DATA TO EXAMINE Block Start

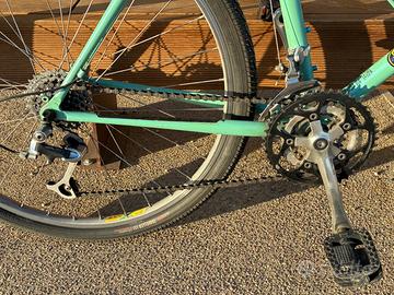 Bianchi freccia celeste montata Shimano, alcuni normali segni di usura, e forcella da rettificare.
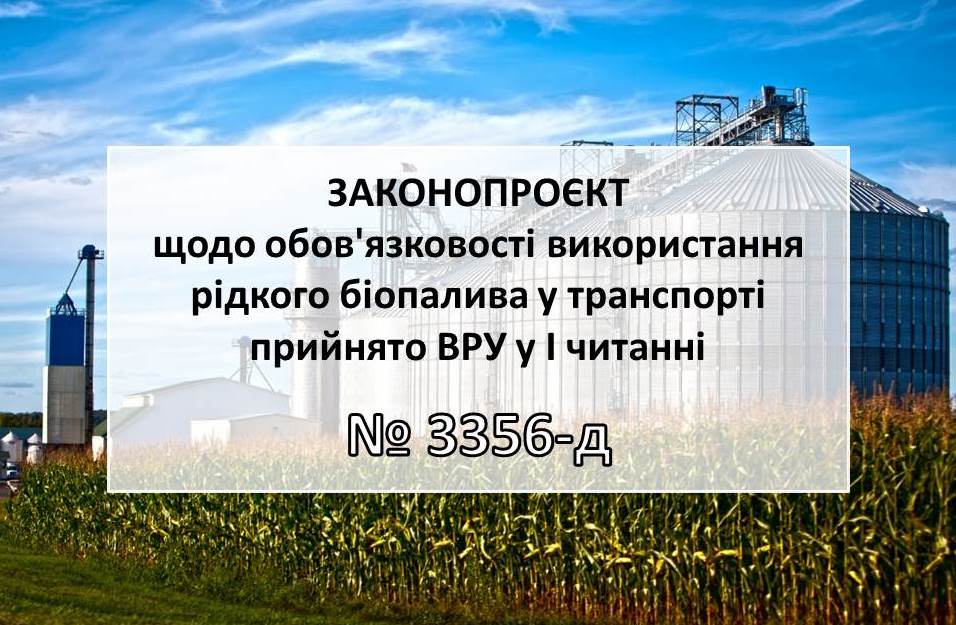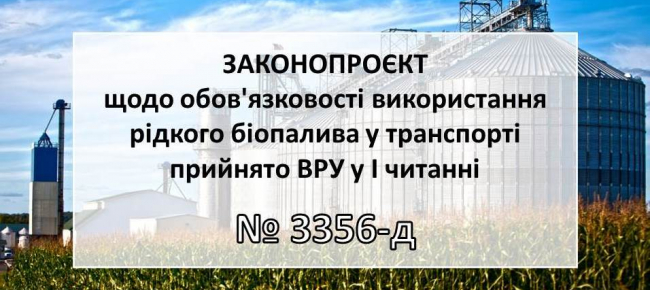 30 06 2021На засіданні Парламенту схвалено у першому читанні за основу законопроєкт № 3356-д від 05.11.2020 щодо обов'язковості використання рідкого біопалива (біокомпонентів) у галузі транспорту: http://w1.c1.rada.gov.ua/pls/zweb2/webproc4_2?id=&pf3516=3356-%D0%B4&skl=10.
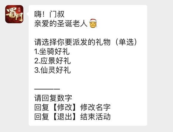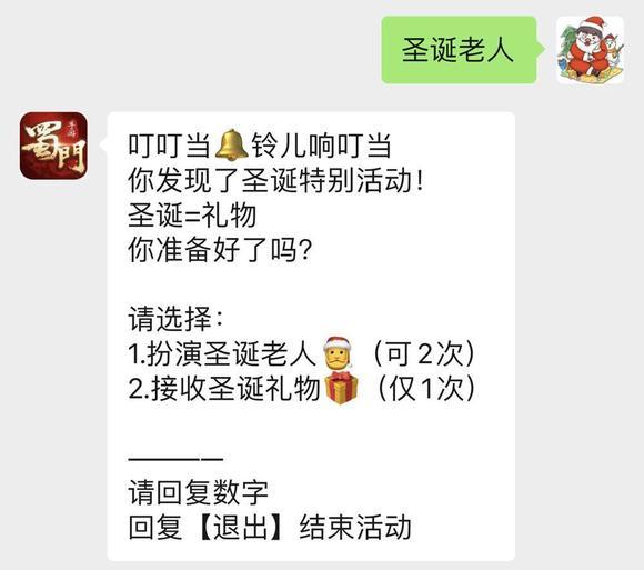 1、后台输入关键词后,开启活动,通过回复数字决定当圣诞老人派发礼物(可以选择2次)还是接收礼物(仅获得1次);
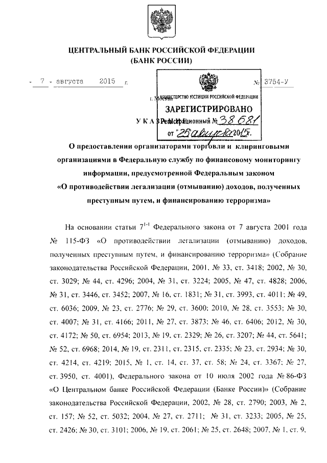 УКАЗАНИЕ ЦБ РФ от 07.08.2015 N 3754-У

DATA TO EXAMINE Block End
DATA TO EXAMINE Block Start

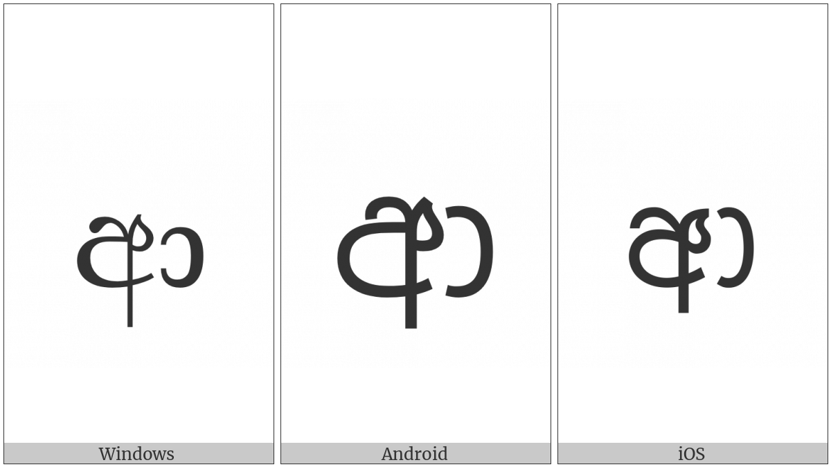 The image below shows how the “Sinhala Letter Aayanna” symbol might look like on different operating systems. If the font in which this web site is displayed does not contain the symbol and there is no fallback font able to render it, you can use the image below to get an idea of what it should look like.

DATA TO EXAMINE Block End

• _TASK DESCRIPTION_: Quote word for word only the lines above from the one containing "1、后台输入关键词后,开启活" through the one containing "УКАЗАНИЕ ЦБ РФ от 07.08.2015 N 3754-У". Pictures stay out of your copy.

• _REPLY TO THE EXERCISE_:
 1、后台输入关键词后,开启活动,通过回复数字决定当圣诞老人派发礼物(可以选择2次)还是接收礼物(仅获得1次);
 УКАЗАНИЕ ЦБ РФ от 07.08.2015 N 3754-У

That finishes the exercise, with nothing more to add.